You guys are a Big disappointment to this generation, and a disgrace to the greatest Nigerian youths of the 50s, 60s and early 70s. Dem swear for Una?

Most of you guys have become a docile entity that is driven by the insatiable desire to reap where una no sow, expecting miracles when you have not worked and seeking help in all the wrong places (illuminati, native doctors and night vigils). The frustration in our humanity is exemplified in the confused non-ideological and non-intellectual capacity of today’s youths. The anger of your hunger is not hitting the minds of our youths and the vexation that has trailed governance nationally is almost unheard of among our youths even though the new Nigerian reality is most felt by these same youths. Kai!!! Una Mumu never Do?

For the past four decades, I have been fighting the course of the Nigerian youths and I still believe that Nigeria will be saved by its exceptional youths. After all, many great Nigerian youths have passed through me and have grown to become masters in their game. Like Tunde and Wumi Obe, the great Majek Fashek, Dede Mabiaku, Gloria Anozie Young, Jim Iyke, Ali Baba etc. They all passed through the Charlyboy University.

I have made and encouraged Big Stars who are even bigger today. Because of me, millions of Nigeria never gave up on their dreams, because they have been inspired by my tenacity, my focus, my hardwork,my consistency, belief in self and my never-say-die-spirit. So, how can my honourable intentions for the youths ever be in question. But when I see how so nonchalant and clueless most of them have become, I sometimes get demoralized.

When I called the youths to action, to fight to retrieve their stolen and kidnapped future, I was confronted with youths who are incapable of taking the bull by the horn and leading movements geared towards the Nigerian realignment.

Even with the Social media platforms that cut across Facebook, Twitter, Whatsapp, Instagram; which should be one of the deadliest weapon against our yahoo yahoo leadership, the Nigerian youths slaked. Rather what did I see? Ignorance, and an illiterate bunch that trades on insults, with their horrible english wey dey purge belle, incapable of moving from the virtual reality to the reality of their present situation.
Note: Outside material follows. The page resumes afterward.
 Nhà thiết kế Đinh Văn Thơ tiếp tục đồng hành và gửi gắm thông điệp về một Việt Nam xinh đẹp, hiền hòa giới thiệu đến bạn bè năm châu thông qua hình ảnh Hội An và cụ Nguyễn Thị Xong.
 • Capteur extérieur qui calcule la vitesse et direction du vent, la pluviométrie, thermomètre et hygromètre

When a few exceptional Nigerian youths came to me for support to lead the protest to fight corruption starting with the National Assembly I knew that this was the beginning of a new dawn. I immediately jumped on it. It was purely out of my desire to see and feel the reawakening of the lost breed of youthful activism and sustained engagement of old. It became personal.
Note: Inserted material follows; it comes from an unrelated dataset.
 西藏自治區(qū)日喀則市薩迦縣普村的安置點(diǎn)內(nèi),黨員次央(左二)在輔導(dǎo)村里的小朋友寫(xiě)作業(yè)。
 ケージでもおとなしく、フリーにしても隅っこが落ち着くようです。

With the interest of the youths at heart, I saw a platform for sustained resistance against audacious political criminality to be presented to those who are ready to change Nigerian from the top to the bottom. It was done to activate the firebrand spirit lost to the destructive generational problems; to inform the youths and ring it loud and clear that the moment of continuing engagement has come.

Our youths must wake up with the urgency of now. Leadership is not a gift, it must be earned. You must show willingness to lead. You must be tenacious. You must show support to those who take the risk to speak for you instead of throwing stones. We all should educate ourselves on good governance and mass mobilization for a sustained activism because Nigeria is failing and we are known for notoriously destructive government.

It’s time to stand up and be counted; it is time to say enough is enough. Governments over the years have succeeded in creating youths who have absolutely no idea about the processes that necessitates real success in the society; it is time to recreate the Student Unionism of old and the major driving force behind youth empowerment that is capable of waking the docile sleeping Nigerian youth.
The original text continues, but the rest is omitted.